Experts denounce Bagerhat coal-fired power plant planAdmin
The proposed Bangladesh-India joint venture to set up a coal-fired power plant at Rampal in Bagerhat might destroy Sundarban, one of the world’s largest mangrove forests, said experts and environmental activists.
Sadrul Amin, former dean of Haji Danesh Science and Technology University, told New Age that the project would destroy the ingredients of the soil that support the lives of millions of inhabitants of a large region, increase the proportion of carbon monoxide and carbon dioxide in the air, and seriously harm the flora and fauna of Sundarban.
Faridul Islam, chief coordinator of Save the Sundarbans, pointed out that the selected location of the project was only nine kilometres from Sundarban, which would be disastrous to the World Heritage Site.
‘The area of Sundarban is shrinking for many reasons and the power project will accelerate the process,’ he added.
Citing the devastation caused by cyclones Sidr and Aila, Farid said that Sundarban would not be able to serve as a natural barrier to the protection of the people in a large area of the country’s coastal region from such calamities if the power plant is built because it would destroy the trees that are 3-8 metres high.
An independent team of experts from civil society led by Abdus Sattar, who is chairman of the environment science department of the Bangladesh Agriculture University, after visiting the proposed location of the project revealed their findings in which they said that the eco-system of Sundarban would be severely damaged for 23 reasons.
The Bangladesh Power
Development Board and the Indian National Thermal Power Corporation have decided to ink a deal and register a joint venture company with the Registrar of Joint Stock Companies and Firms.
The power board signed a memorandum of understanding with NTPC in 2010 to set up two coal-fired power plants, each of which will have a capacity of 1,320MW, with partnership shared equally between them.
According to the report produced by the team of experts, the coal-fired power project will drastically reduce the diversity of vegetation, wildlife and micro-organisms.
The experts said that a huge amount of coal would be burnt by the power plants which would result in the discharge of an enormous volume of carbon dioxide, carbon monoxide and sulphur dioxide into the air.
The injurious particulate matter and sulphur dioxide discharged into the air would adversely affect the growth of plants and finally result in massive deforestation in the region.
Carbon dioxide, carbon monoxide and sulphur dioxide will cause acid rains that will destroy the living conditions by polluting the soil and air.

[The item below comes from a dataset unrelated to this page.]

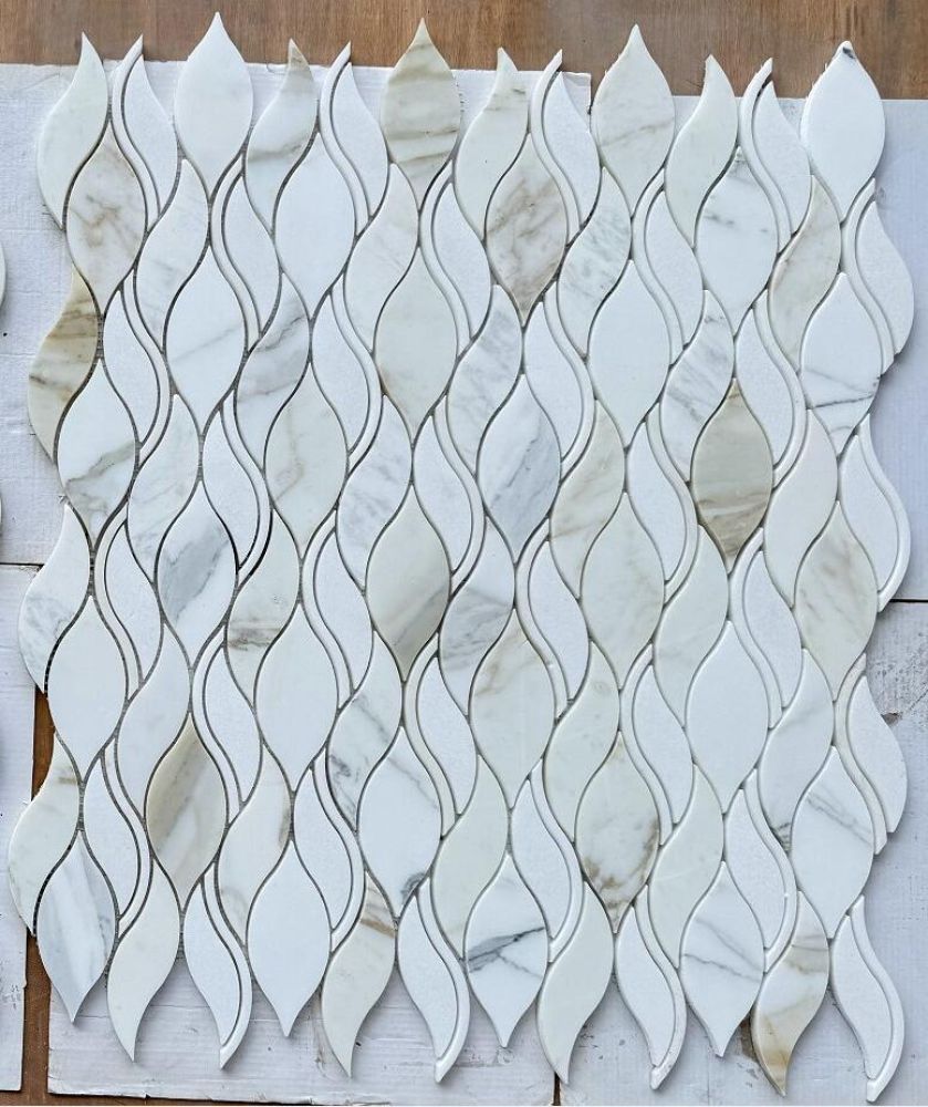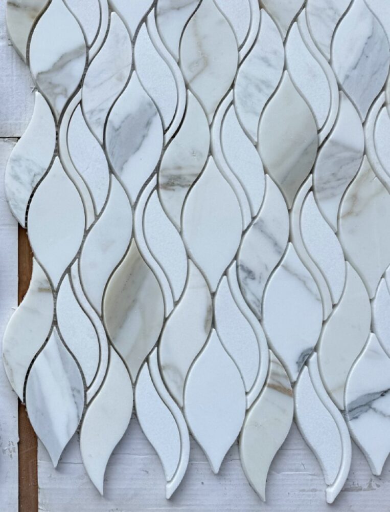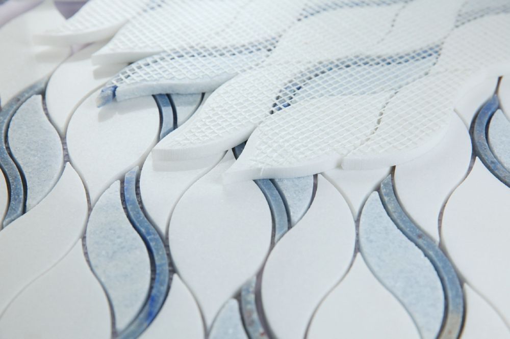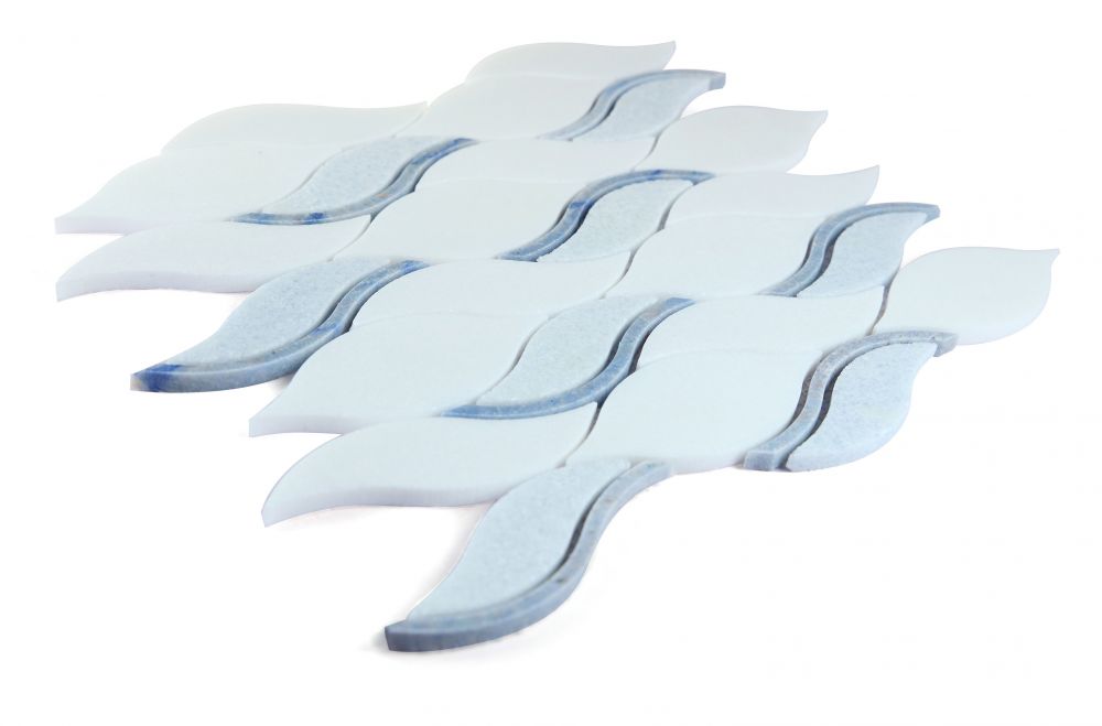 Timeless (by sheet) Pontus Royal Sapphire – Made from a combination of Azul Cielo (Argentina Sky Blue), Azul Macaubas/Macobus, and Greece White. Pontus Royal Calacatta Gold – Oriental White, Calacatta Gold, and Greece Thassos White.

Deer and tigers as well as other living animals will face minor to major abnormalities in living conditions including a reduction in their hormonal and/or reproduction capacity.
The report also said that quality of the water of the nearby rivers would deteriorate and reduce number of shrimps and other fishes because of the degradation of habitat. Moreover, fish will become inedible due to increasing contamination and toxicity.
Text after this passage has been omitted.